Hadoop Installation/Configuration Guide for Ubuntu Linux With Wordcount Example

In this tutorial I am going to guide you through setting up hadoop environment on Ubuntu.

hadoop-installation-guide-linux

Prerequisite

  • Ubuntu 19.04 (Any Stable Release)
  • Java 8 (Any Stable Release)
  • Hadoop 2.9.2 (Any Stable Release)

Download Link

Note – You can also download and install java and Hadoop through terminal Command.

Step 1 – Add Hadoop Group and User (Optional)
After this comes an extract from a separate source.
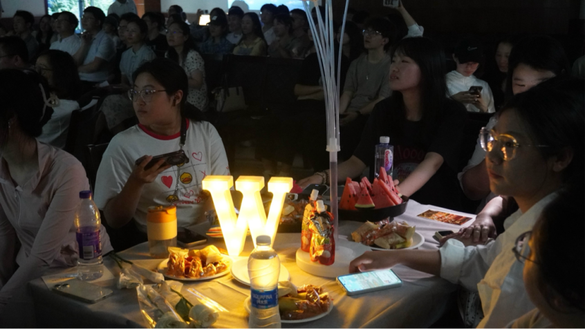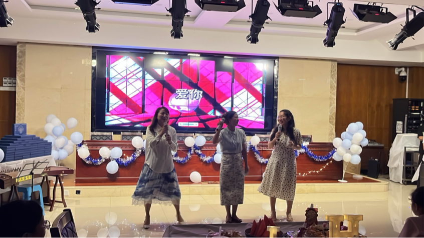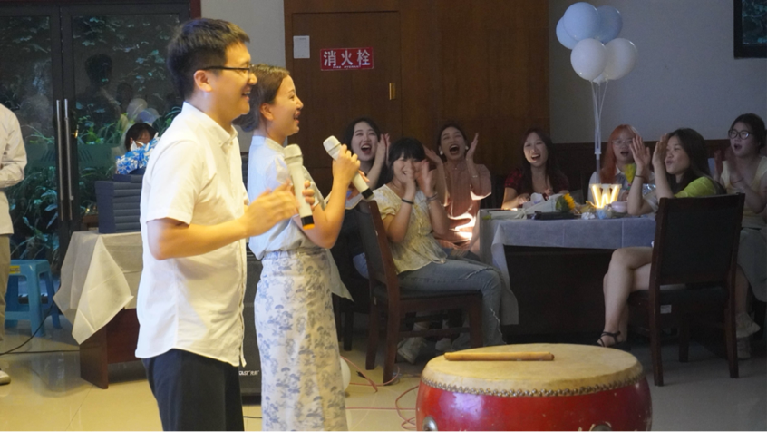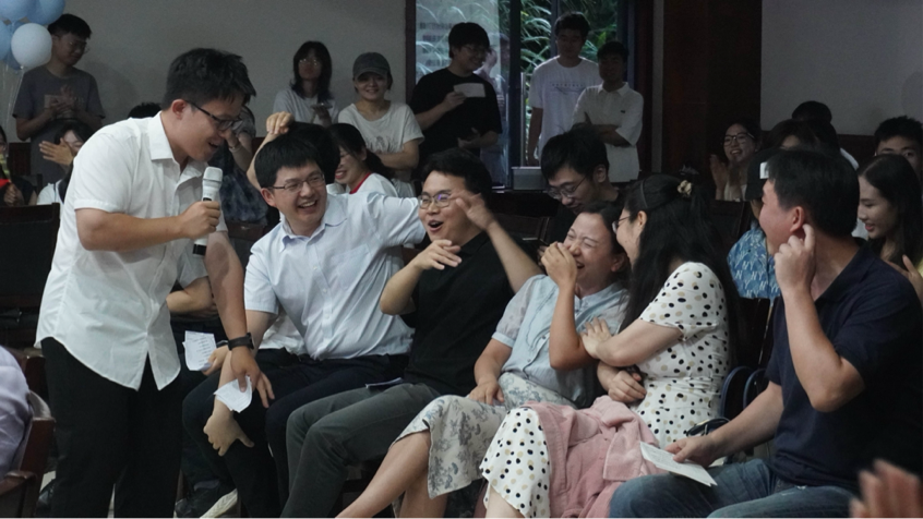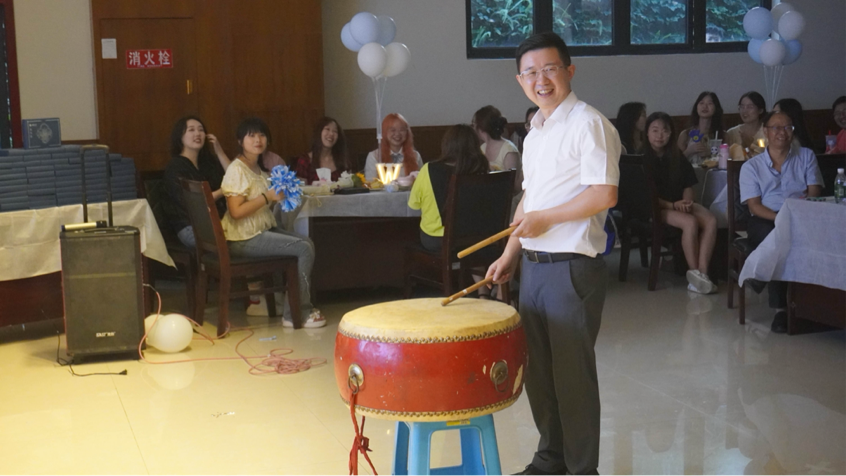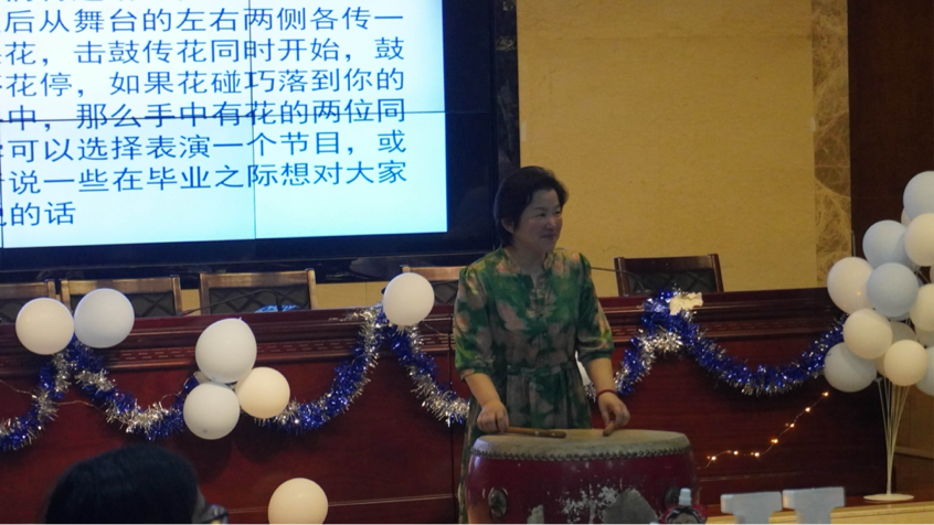 在击鼓传花的游戏环节,整个会场充满了老师和同学们的欢声笑语。

Creating a normal (root) account for Hadoop

Command: sudo adduser hduser

Command: sudo adduser hduser sudo

After user is created, re-login into ubuntu using hduser

Step 2 – Installing Java 8 and Hadoop 2.9.2 on Linux machine

First you have to download java 8 and Hadoop 2.9.2 in the given above download link and just paste the downloaded file to the ubuntu HOME directory.

  1. hadoop-2.9.2.tar.gz
  2. jre-8u221-linux-x64.tar.gz

You got these two files in your Ubuntu HOME directory we just need to extract this file in current directory just follow these steps.
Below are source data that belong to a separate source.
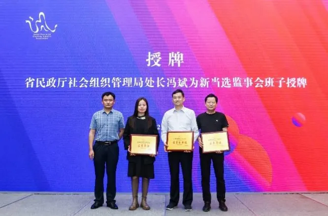 安徽省民政廳社會組織管理局副處長馮斌為監(jiān)事會班子授牌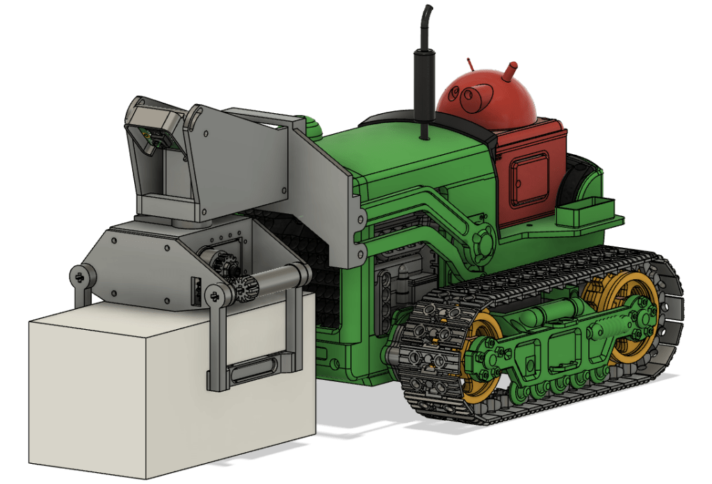 The idea is that the grip rotates to suit the orientation of the sheep, then the robot drives to the sheep (guided by camera and front ToF), the grip grabs the sheep, then the front loader lifts the whole lot. The robot can then drive to the pen, possibly rotating the sheep as it goes to help with sheep “packing” in the pen.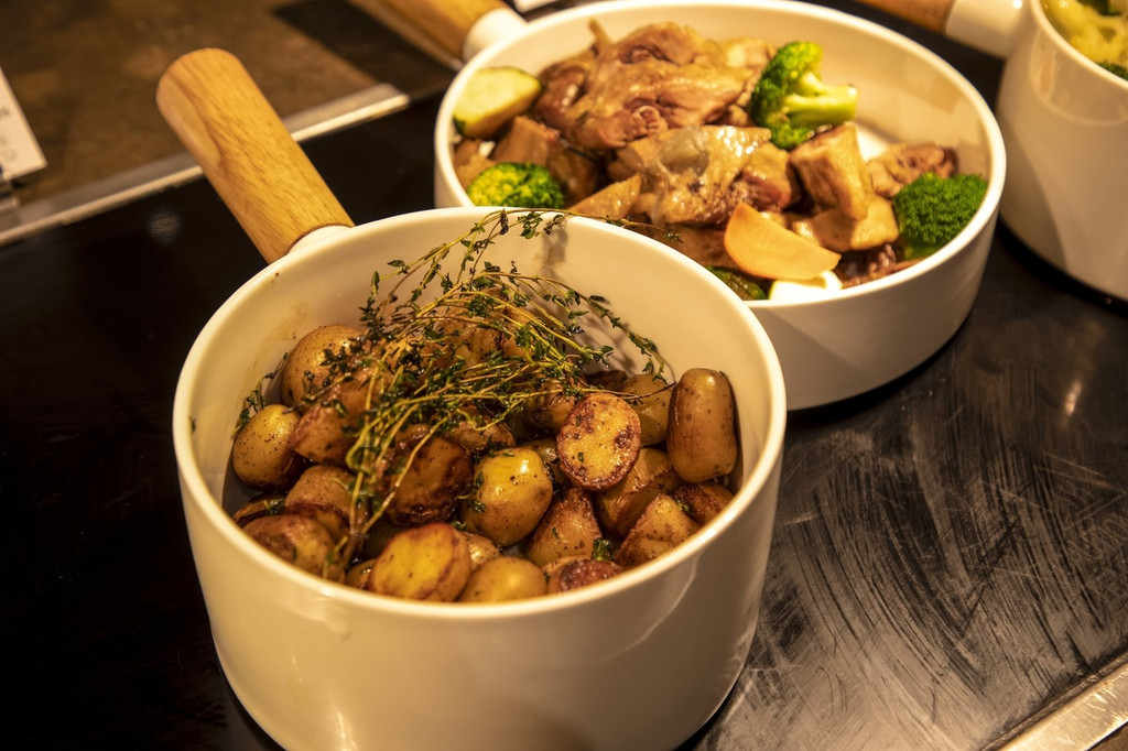 晚餐的种类很丰富,水里游的海鲜水产,岸上跑的鸡鸭羊肉,还有埋在土里的土豆蔬菜样样俱全。法式油封鸭腿、香草烤土豆等菜品样样俱全。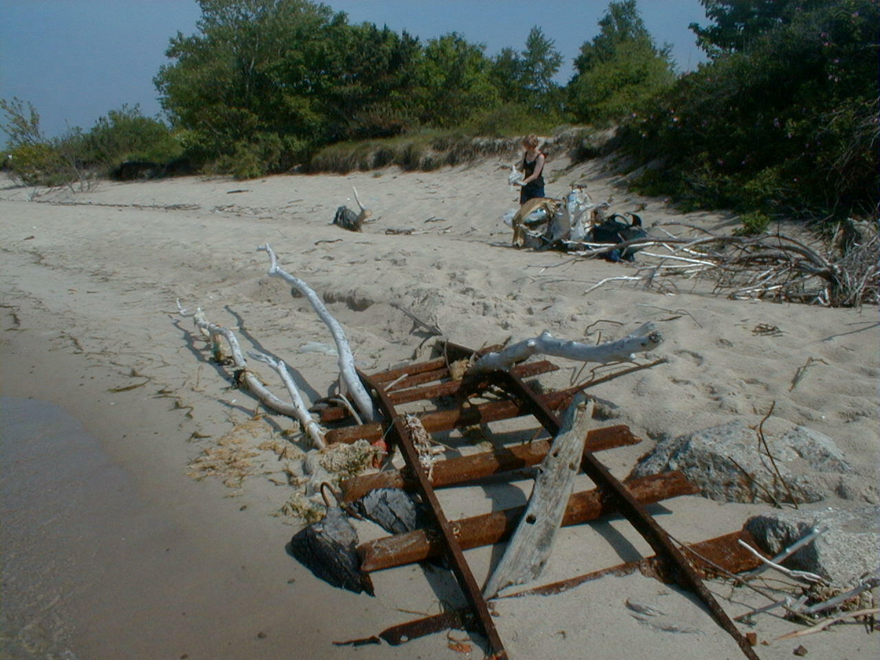 Przęsło patentowe na plaży od strony zatoki, kilkaset metrów przed końcem półwyspu, tuż obok ruin Stanowiska ogniowego nr 1 31. Baterii Artylerii Nadbrzeżnej.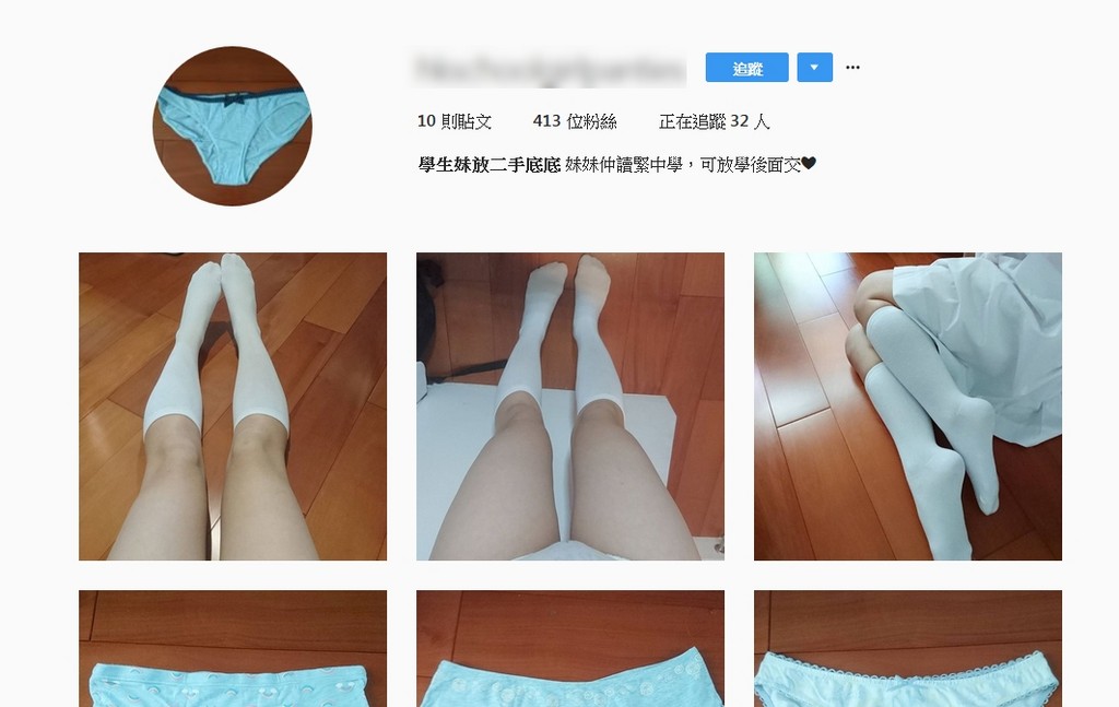 香港《東網》報導,Instagram湧現二手衣物廣告,女賣家疑似親自穿著「貨物」,擺出性感撩人的姿勢,配上極盡挑逗的文字。「有沒有哥哥想要小妹的絲襪?」「二手底褲穿足兩日,包有漬!」賣家推銷內衣褲、絲襪、泳衣等,每件價格100至300港幣不等。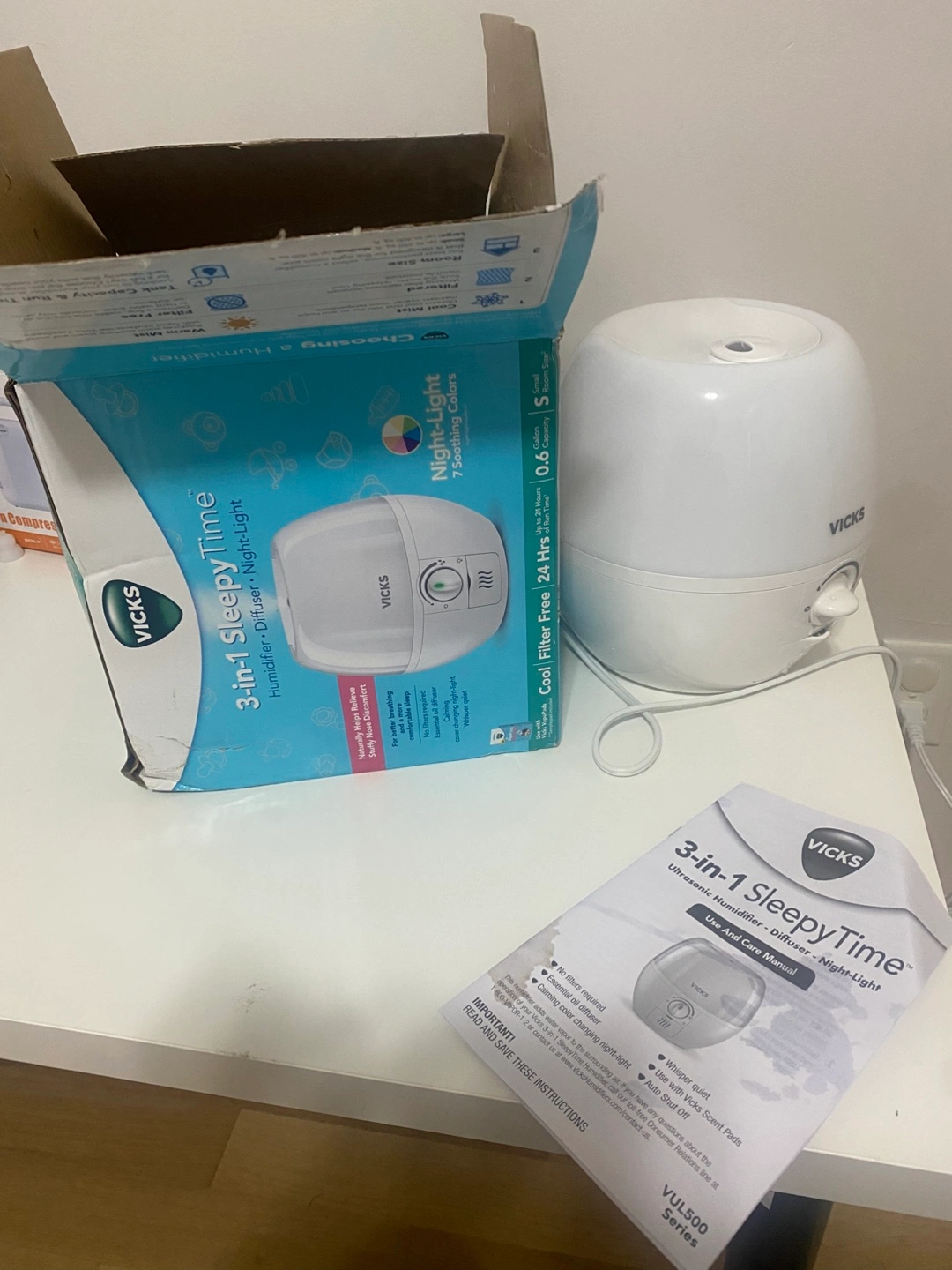 I'm selling a Vicks 3-in-1 SleepyTime Humidifier. It's a humidifier, diffuser, and night-light all in one! It has a cool filter and can run for up to 24 hours. Comes with the box and user manual

Open Terminal and type following command: –

Command: tar -xvf jre-8u221-linux-x64.tar.gz

Command: tar -xvf hadoop-2.9.2.tar.gz

Step 3 – Setup Hadoop and JAVA Environment Variables

Open. bashrc file.

Command: nano ./.bashrc 

OR

Command: sudo gedit ~/.bashrc 

Now, add Hadoop and Java Path as shown below.

#Hadoop variables

export HADOOP_HOME=/home/your-username/hadoop-2.9.2

export HADOOP_INSTALL=$HADOOP_HOME

export HADOOP_MAPRED_HOME=$HADOOP_HOME

export HADOOP_COMMON_HOME=$HADOOP_HOME

export HADOOP_HDFS_HOME=$HADOOP_HOME

export YARN_HOME=$HADOOP_HOME

export HADOOP_COMMON_LIB_NATIVE_DIR=$HADOOP_HOME/lib/native

export PATH=$PATH:$HADOOP_HOME/sbin:$HADOOP_HOME/bin

#Java variables

export JAVA_HOME=/home/your-username/jre1.8.0_221

Change your-username to your username Then, save the bash file and close it.
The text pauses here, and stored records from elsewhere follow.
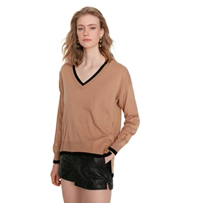 Trendyol Women's V neck Plain Regular Sweater Sweatshirt, Camel, M UK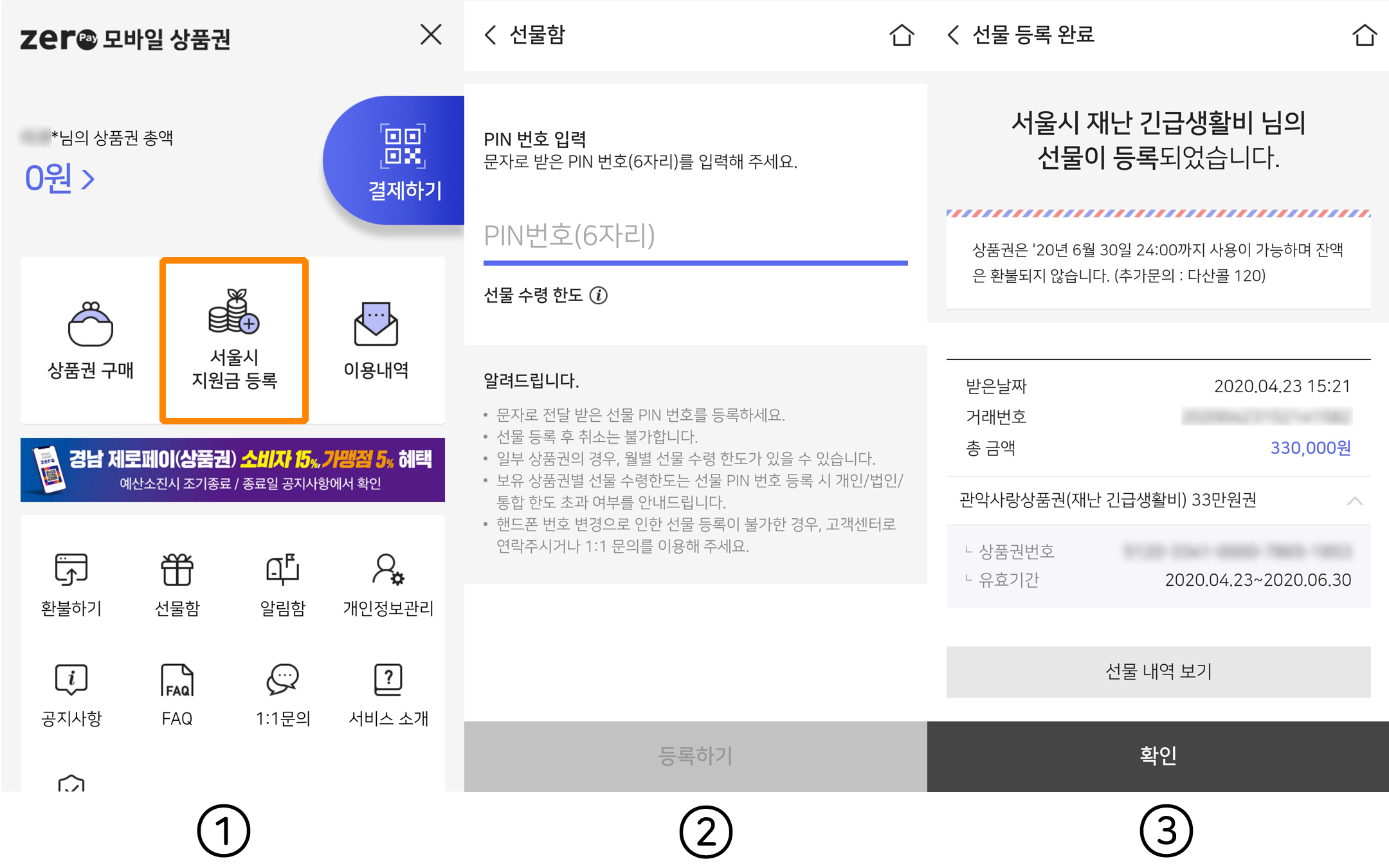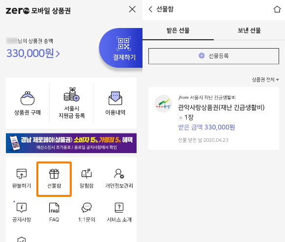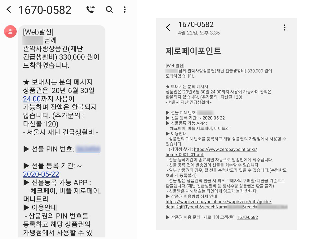이 모바일상품권으로 받은 서울시 재난 긴급생활비는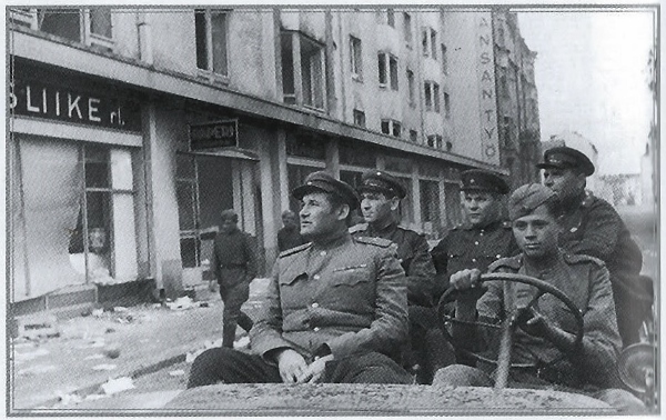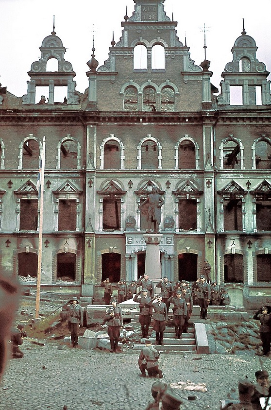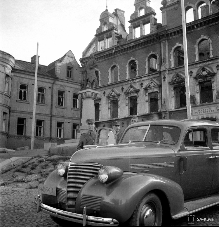 Viipurin takaisinvaltauksen paraati Torkkeli Knuutinpojan patsaalla 31. elokuuta 1941. Keskellä paraatia vastanottanut Lennart Oesch, vasemmalla kypärä päässään eversti Aladar Paasonen.

Note – Use Command: whoami to Display Your Username.

For applying all these changes to the current Terminal, execute the source command.

Command: source .bashrc

Now edit $HADOOP_HOME/etc/hadoop/hadoop-env.sh file and set JAVA_HOME environment variable.

Change the JAVA path as per install on your system.

Command: cd $HADOOP_HOME/etc/hadoop/

Command: nano hadoop-env.sh

Or

Command: sudo gedit hadoop-env.sh

In the file add the line and save it.

export JAVA_HOME=/home/your-username/jre1.8.0_221

Step 4 – Verifying java and Hadoop installation

To make sure that Java and Hadoop have been properly installed on your system and can be accessed through the Terminal, execute the java -version and hadoop version commands.

Command: java -version

Command: hadoop version

Step 5 – Setup SSH Certificate In Hadoop

Command: sudo apt-get install ssh (Optional Step if not already installed)

Command: ssh-keygen -t rsa -P ” -f ~/.ssh/id_rsa

Command: cat ~/.ssh/id_rsa.pub >> ~/.ssh/authorized_keys

Command: chmod 0600 ~/.ssh/authorized_keys

Verify key based login

Command: ssh localhost

Command: exit

Step 6 – Setup Hadoop Configuration Files

We need to configure basic Hadoop single node clusters as per requirements of your Hadoop infrastructure.

Command: cd $HADOOP_HOME/etc/hadoop

Command: ls

All the Hadoop configuration files are located in hadoop-2.9.2/etc/hadoop directory.

Open core-site.xml and edit the property mentioned below inside configuration tag:

Command: gedit core-site.xml

<configuration>

<property>

<name>fs.default.name</name>

<value>hdfs://localhost:9000</value>

</property>

</configuration>

Edit hdfs-site.xml and edit the property mentioned below inside configuration tag:

Command:  cd

Command:  mkdir -p /home/hadoop/hdfs/namenode

Command:  cd /home/hadoop/etc/hadoop

Command: gedit hdfs-site.xml

<configuration>

<property>

<name>dfs.replication</name>

<value>1</value>

</property>

<property>

<name>dfs.name.dir</name>

<value>file:/home//your-username/hadoop/hdfs/namenode</value>

</property>

<property>

<name>dfs.data.dir</name>

<value>file:/home//your-username/hadoop/hdfs/datanode</value>

</property>

</configuration>

Edit the mapred-site.xml file and edit the property mentioned below inside configuration tag:

In some cases, mapred-site.xml file is not available. So, we have to create the mapred-site.xml file using mapred-site.xml template. Then save as mapred-site.xml.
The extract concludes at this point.